Here is my example code:

import numpy as np
import matplotlib.pyplot as plt

def main():
    # Declare 20-degree polynomial
    coeffs = np.array([0.028582380269090664, -11.07209382330515, 81.98886137780704, -231.55726577581814, 344.8963540923082, -312.0774305574022, 185.36300988588312, -75.58767327080196, 21.660357329823697, -4.380346453954649, 0.6125779086029393, -0.05524029639869697, 0.002489646479713822, 4.159253423505381e-05, -9.927184104751197e-06, 8.634292922740336e-08, 3.278890552085848e-08, -3.350925351280405e-10, -1.1510786631391544e-10, -2.3053456641329463e-13, 3.9927010006271344e-13, 8.499990550259627e-15, -1.2514130885401332e-15, -5.653183054629818e-17, 3.5580325101956145e-18, 2.634844330077943e-19, -1.2086461102288157e-20, -9.772155900613053e-22, 8.336597931160041e-23, -2.286862805703104e-24, 2.2638043801338818e-26], dtype = float)
    y = -5

    # Create polynomial data on interval (0, 17)
    polyDataX = np.linspace(0, 17)
    polyDataY = np.empty(shape = len(polyDataX), dtype = float)

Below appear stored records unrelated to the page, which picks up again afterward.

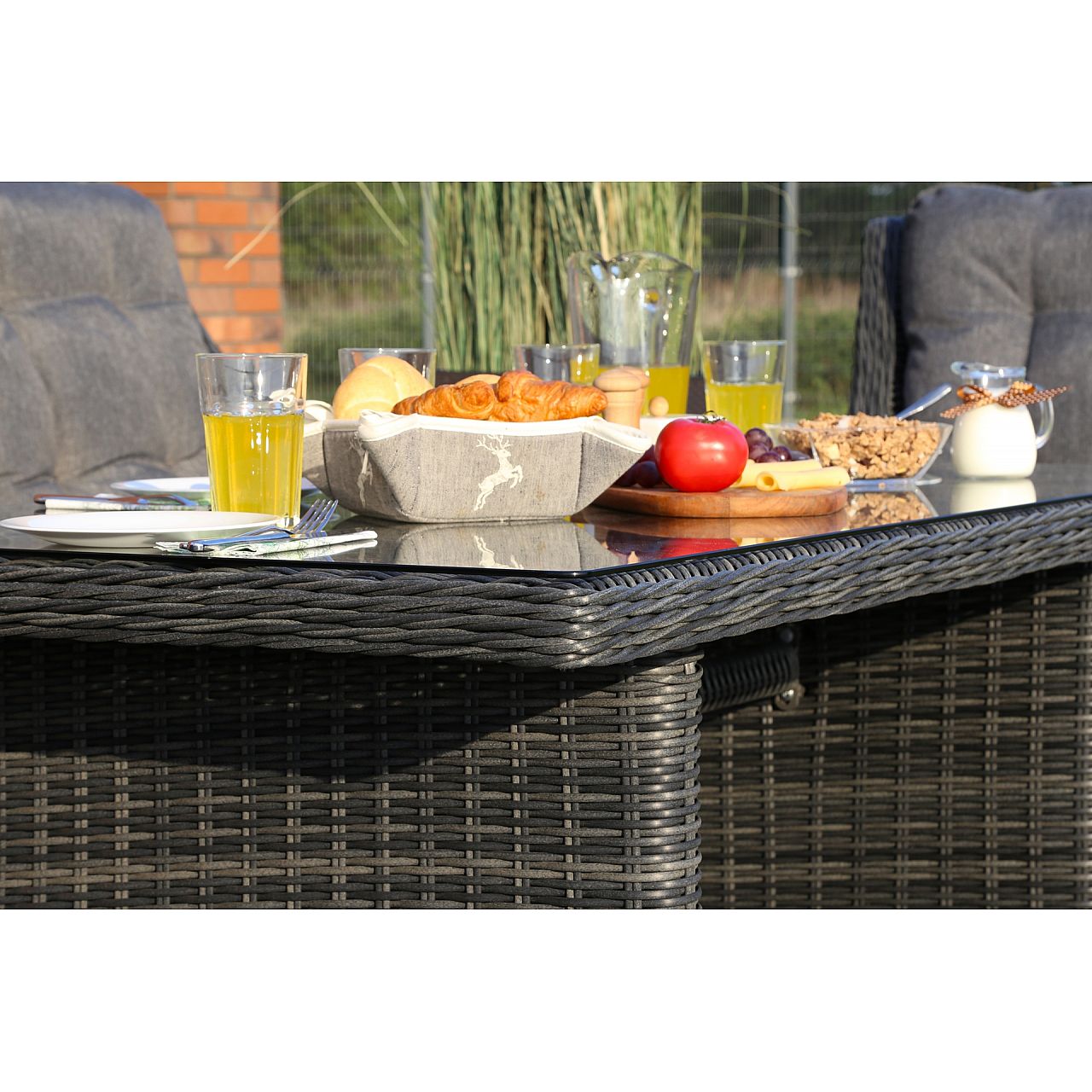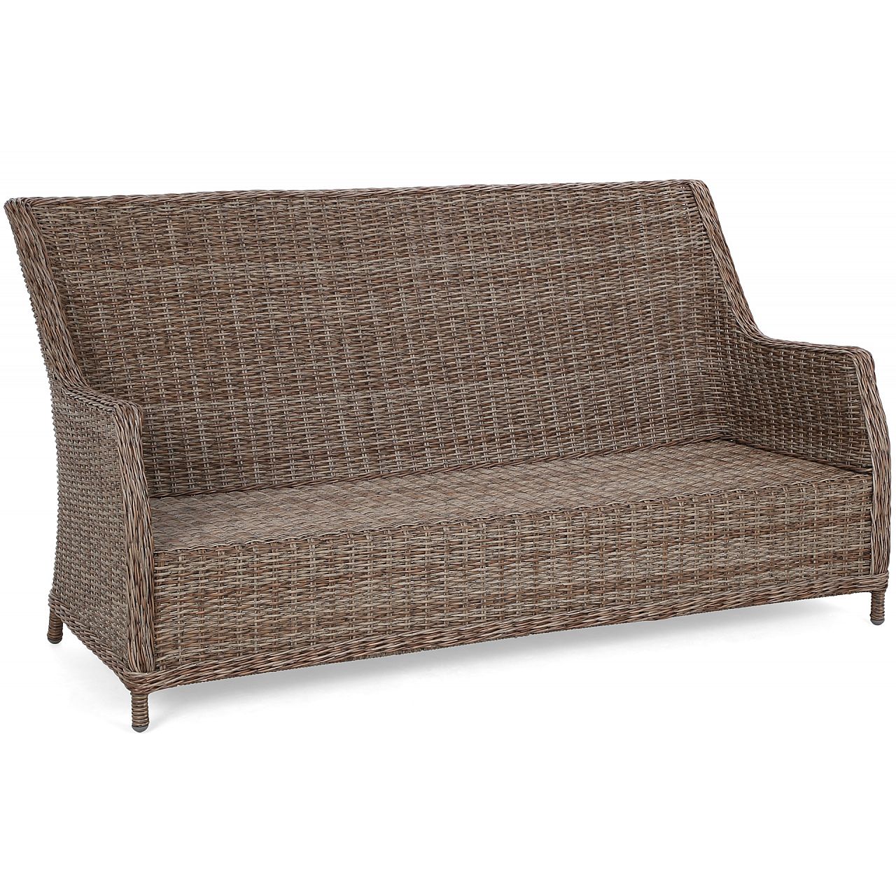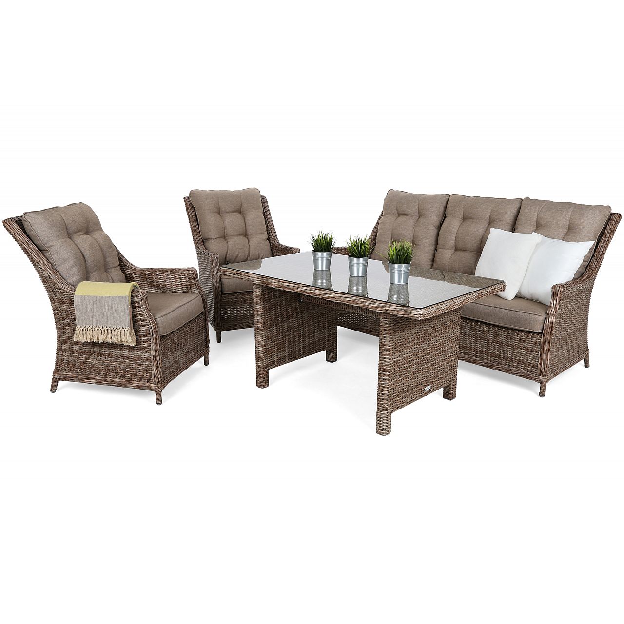Садовая мебель Аликанте коричневого цвета состоит из кресел и дивана с высокими спинками и подлокотниками. Благодаря этим элементам вы будете наслаждаться большим комфортом. Размер стола оптимален для размещения тарелок с закусками и стаканов с напитками. Они будут стоять устойчиво, поскольку мебель покрыта закаленным стеклом.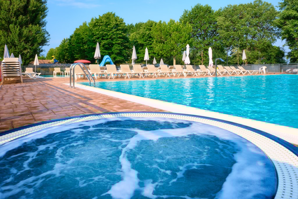 Der Campingplatz bietet geräumige Platze und ist auch gut geeignet für Hunde. Der Pool war nicht überfüllt und sehr entspannend.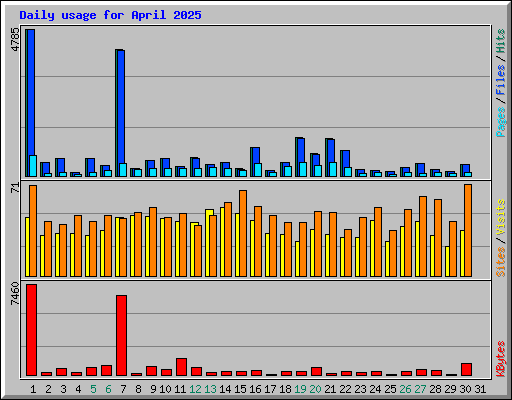| Day | Hits | Files | Pages | Visits | Sites | KBytes | ||||||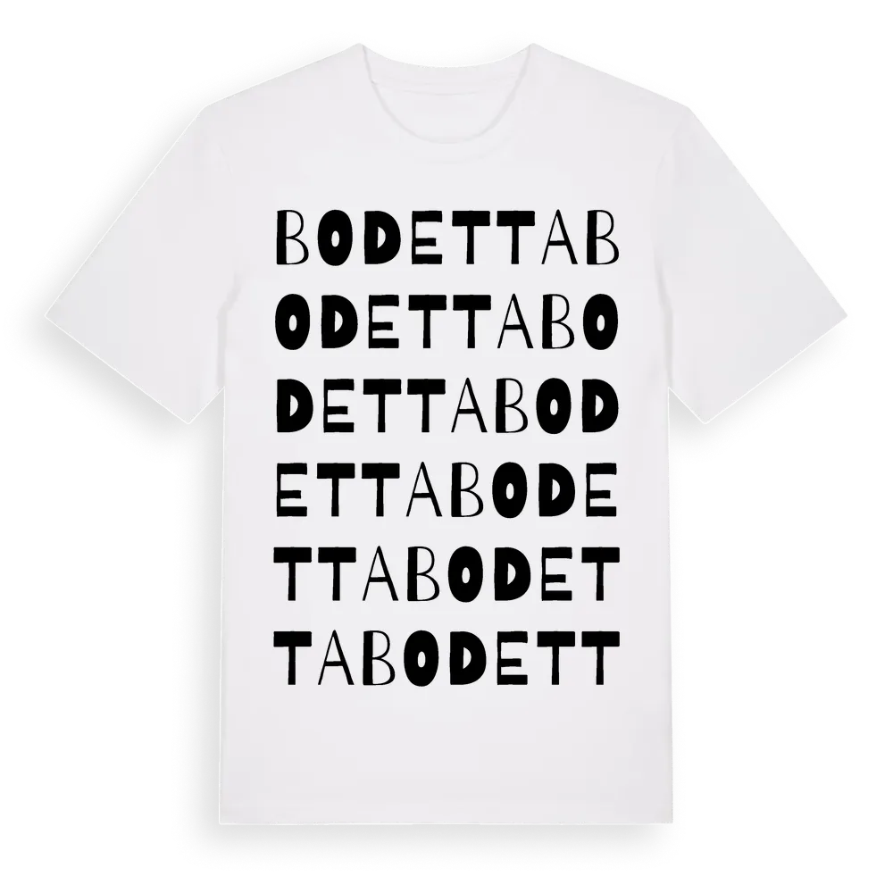 Bodetta ordlek t-shirt är inspirerad av Bodetta i Värmlands län, Sverige. Tröjan är designad för dig som har en speciell koppling till platsen – oavsett om du bor här, har rötterna här eller bara älskar Bodetta.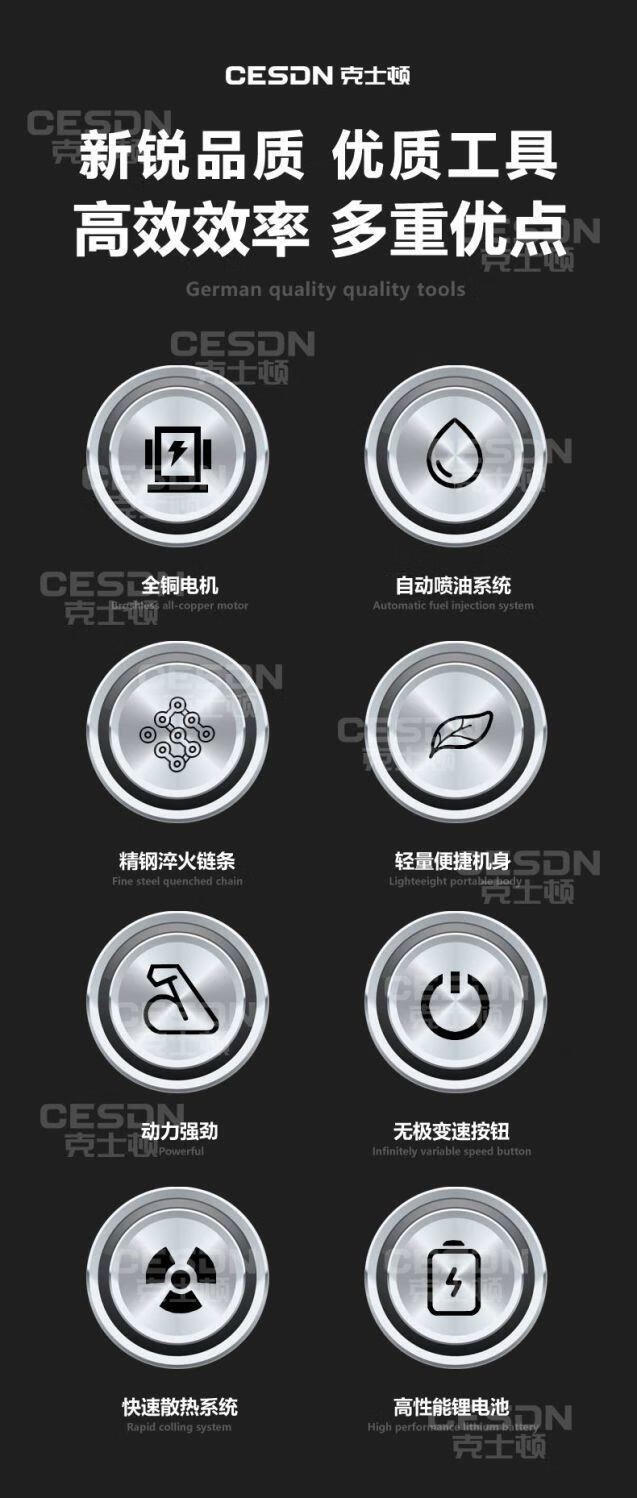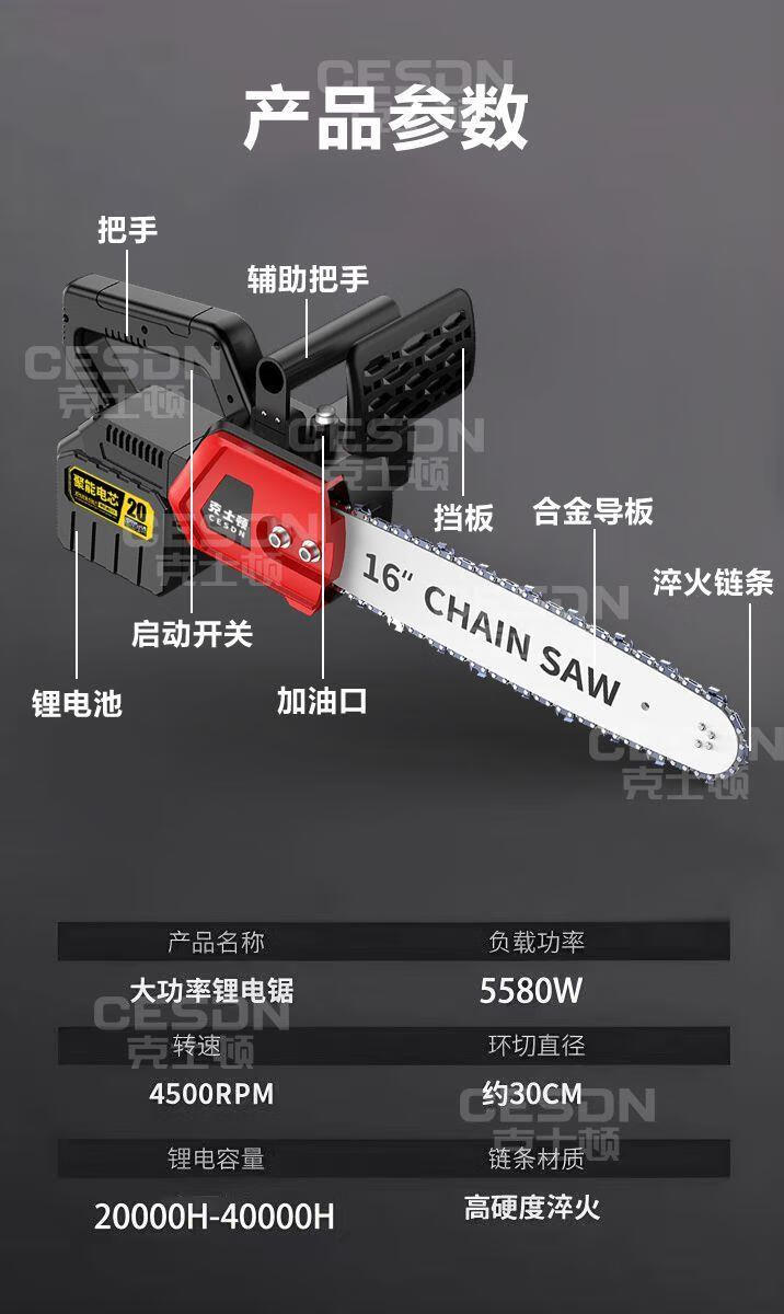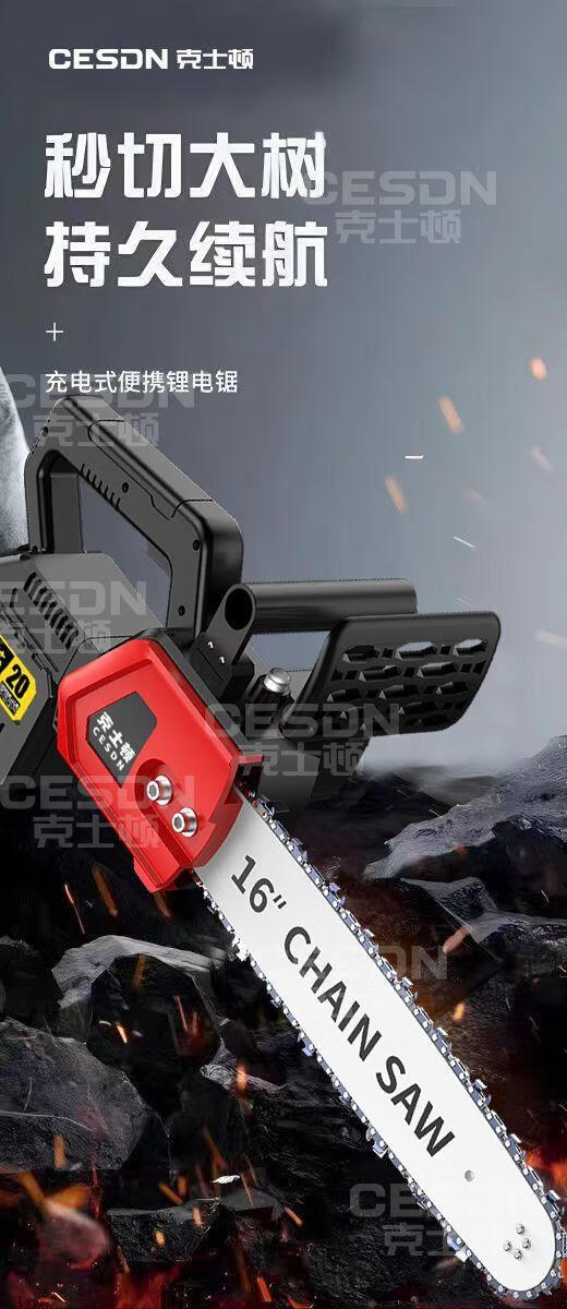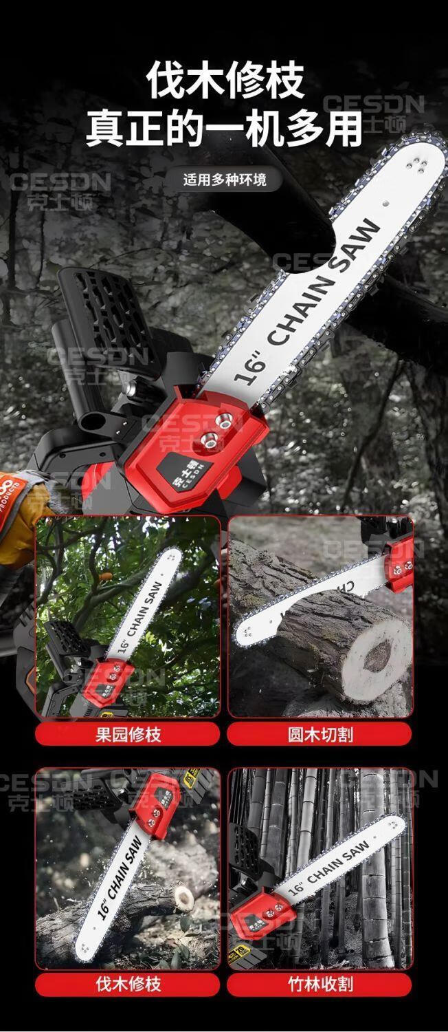 Kerston German lithium chainsaw rechargeable high-power electric chain saw small multi-functional household outdoor sawing tree felling wood saw with 15 batteries alone

    for i in range(len(polyDataX)):
        polyDataY[i] = 0

        for j in range(len(coeffs)):
            polyDataY[i] += coeffs[j] * pow(polyDataX[i], j)

    # Solve for all real solutions
    coeffs[-1] -= y
    sols = np.roots(coeffs).tolist()
    i = 0

    while (i < len(sols)):
        if (sols[i].imag != 0) or (sols[i].real < 0) or (sols[i].real > 17):
            del sols[i]
            i -= 1
        else:
            sols[i] = round(sols[i].real, 2)

        i += 1

    # Plot polynomial & solutions
    plt.xlim([0, 17])
    plt.ylim([-30, 30])
    plt.plot(polyDataX, polyDataY, color = "gray")
    plt.axhline(y, color = "blue")
    
    for sol in sols:
        plt.axvline(sol, color = "red")

    plt.title("Sols: " + str(sols))
    plt.show()
    plt.close()
    plt.clf()

if (__name__ == "__main__"):
    main()

First I generate a 20-degree polynomial (stored in coeffs), and use the roots function in order to acquire all X-values (stored in sols), at a certain Y-value (stored in y). I subsequently filter out all the imaginary solutions, leaving only the real ones at the desired interval of [0, 17], and I plot the plolynomial, alongside the desired Y-value and found real X-values. I colored the polynomial in gray, the desired Y-value in blue and all the filtered X-values in red.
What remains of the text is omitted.